In short, you take an essay, article or other lengthy prose work, paste it into a textbox and hit “check”. From there, the site extracts several strings of text, runs them through Google and compiles the result, determining whether plagiarism is probable.
In that regard, the idea is actually very similar to Copyscape, which also uses Google via their API, to process results. However, where Copyscape’s keeps the “magic” hidden from the user, the “Dustball” plagiarism checker includes links to the Google results, encouraging users to click through and research the case for themselves.
That alone is a big part of the problem Webmasters, and many teachers, will have with the service. Where Copyscape, as well as academic tools such as TurnItIn, provide very simple and colorful results, The Plagiarism Checker is a very bare-bones approach, requiring the user to perform a large amount of research on their own.
Still, a bit of research will be welcomed if the service produces great results, unfortunately, it seems that the service performs only lukewarm, at best.
My Tests
To test the service, I decided to run it through a similar battery of tests that I had run Copyscape through and then watched as they improved upon the initial results.
The first test was to run an old poem of mine through the system, one that allegedly has over 300 matches in Google. However, that test was thwarted as The Plagiarism Checker refused to even look at the work, saying that it could not function with such short text strings.
I then shifted gears and started using prose works, the first being one that had 36 matches in Google at the time I did the search. The result was stunning.
Despite the fact Google had reported three dozen matches on test snippets from the work itself, the “Dustball” checker was unable to find anything. To make matters worse, using some of the sample quotes from the test, I was able to locate other copies of the work, such as with the first quote.
Clearly, The Plagiarism Checker was missing results that Google was finding, meaning it was discarding them for whatever reason.
A similar test for another prose work only returned one sentence that was matched against anything and the results for it were all false positives. This work, in Google, has six results.
The only search using the service that seemed to work remotely well was when I ran the Declaration of Independence through it.
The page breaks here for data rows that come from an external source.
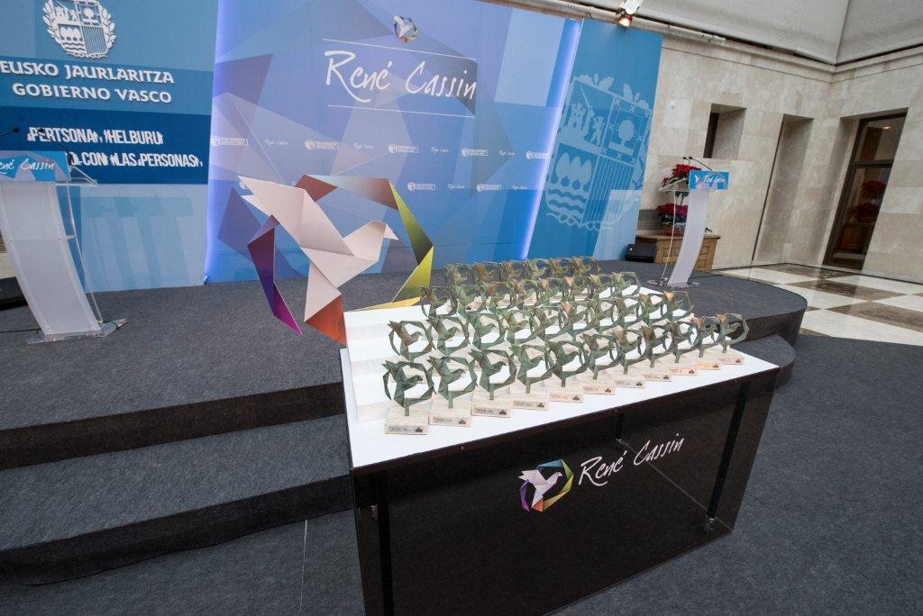 La Plataforma vasca para la querella contra los crímenes del franquismo, ha recibido este mediodía el premio René Cassin de manos del lehendakari Iñigo Urkullu.
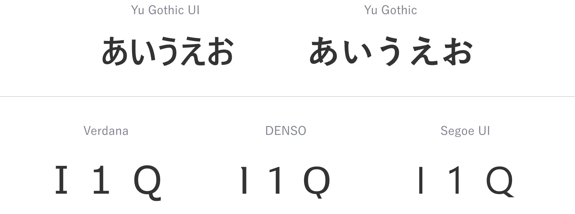 また、英文については、VerdanaよりもSegoe UIの方がDENSOフォントに近いセリフ形状をしているので、DENSOフォントとの相性を鑑みSegoe UIを推奨します。
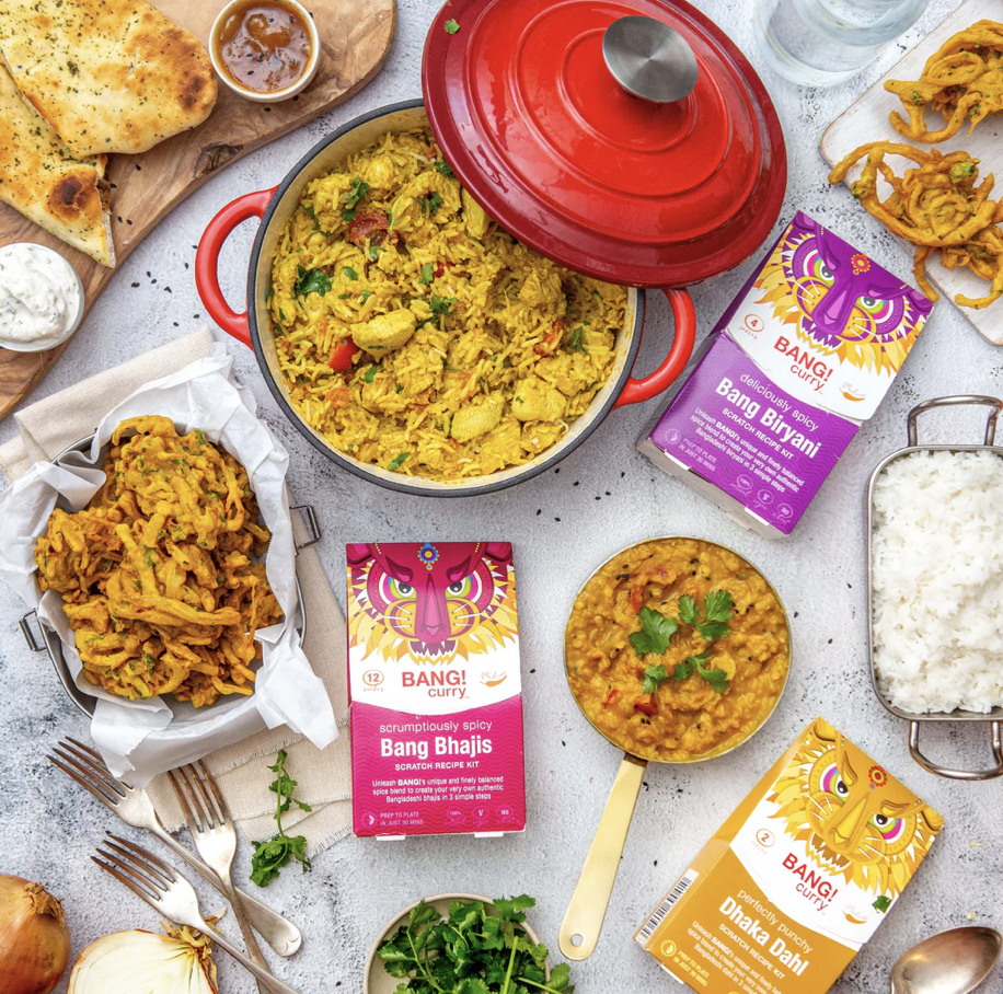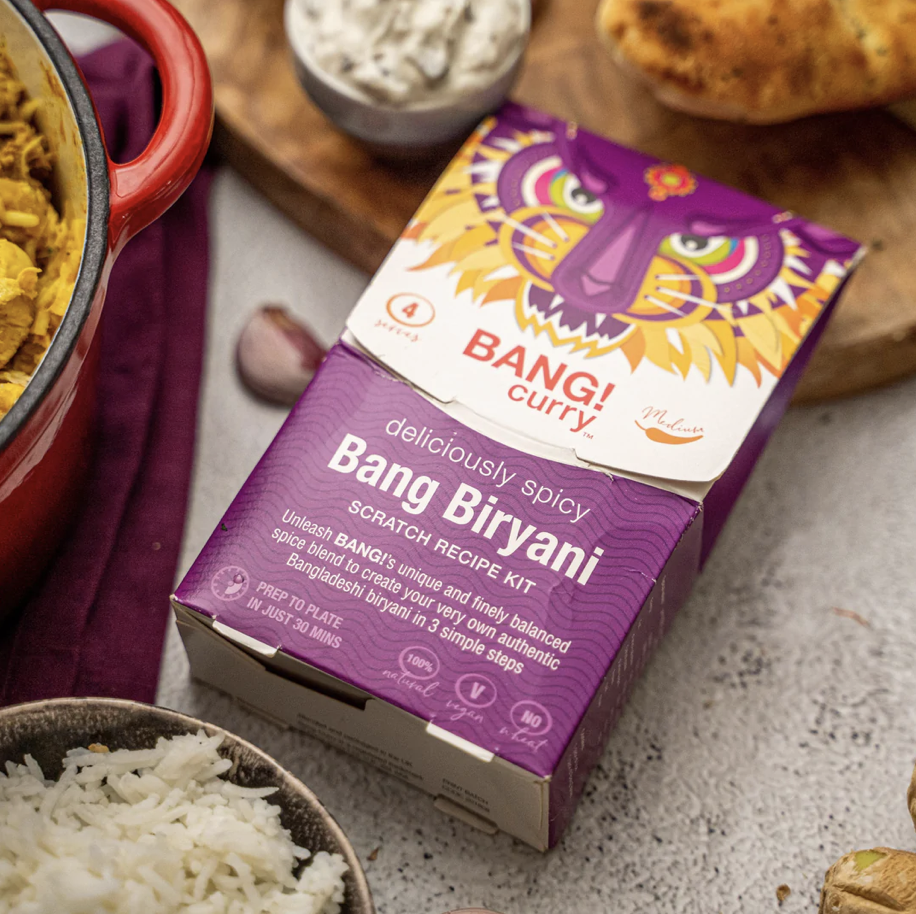 CURRY KIT: A show stopping Bangladeshi treasure that’s perfect for when guests pop over or for a delicious lunch-time treat you can tuck into again and again. Each kit serves 4 people and contains 1 pack of Basmati Rice and 1 pack of Bang Secret Spice Mix.
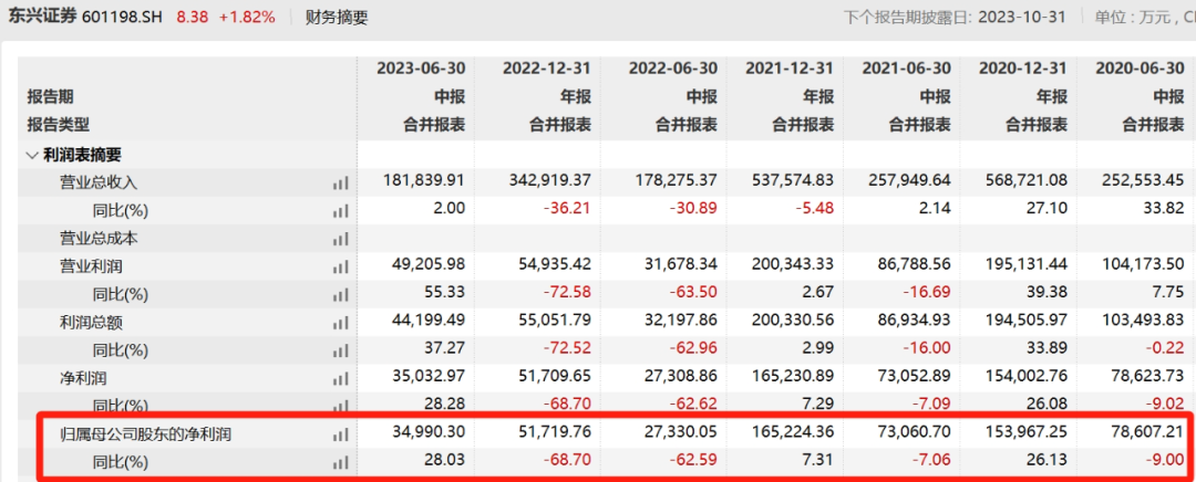 东兴证券半年报显示,营收及利润全面回暖,归母净利润同比上升28%。
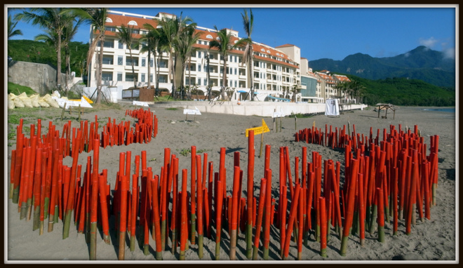八月的蘇拉颱風襲擊,海浪再次打到美麗灣現有建物的圍牆上,連帶的在沙灘上的事件展也還給大海,這些用自然素材製作的搭麓岸(註二)只是將自然還給自然,但違建的廢棄物卻再次裸露在部分掏空的沙灘上。九月十九日,第二波裝置藝術-紅色巨大問號現身沙灘,要問「在生態敏感區蓋大型建築,難道不是破壞環境嗎?」、「台東的經濟只能倚靠一間違法飯店,台東人不覺得難堪嗎?」,但美麗灣的經理卻在現場嗆聲:「我們正在上訴,你們拭目以待!」
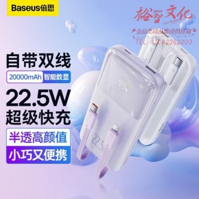 首页 > 电气设备 > 蓄电池及充电装置 > 倍思 自带线充电宝22.5W超级快充20000毫安时 兼容苹果PD20W快充大容量移动电源 适用于苹果14/13华为小米 紫 SKU:yzwhyp310564

Every search term, in this test, came back positive.
It appears that text that is not widely distributed around the Web may or may not show up as plagiarized in this work, something that has me very worried as many are starting to rely on this plagiarism checker as their main tool for detecting both copyright infringement and the plagiarism of students.
The Sad Truth
Simply put, any and all of these search results should have come back as being plagiarized. Even if there were no other matches of the content, these works existed on my site and are available through Google there. There is no reason that any of these works should have come back as anything short of 100% plagiarized since this site can not know I was the one submitting them.
For teachers, this is not good news. Is a student plagiarizes material from obscure sources, they are likely to escape detection. Likewise, Webmasters and those that might want to use this tool to track their own content, will likely be disappointed that it doesn’t seem to pick up when the infringement is only a few dozen sites.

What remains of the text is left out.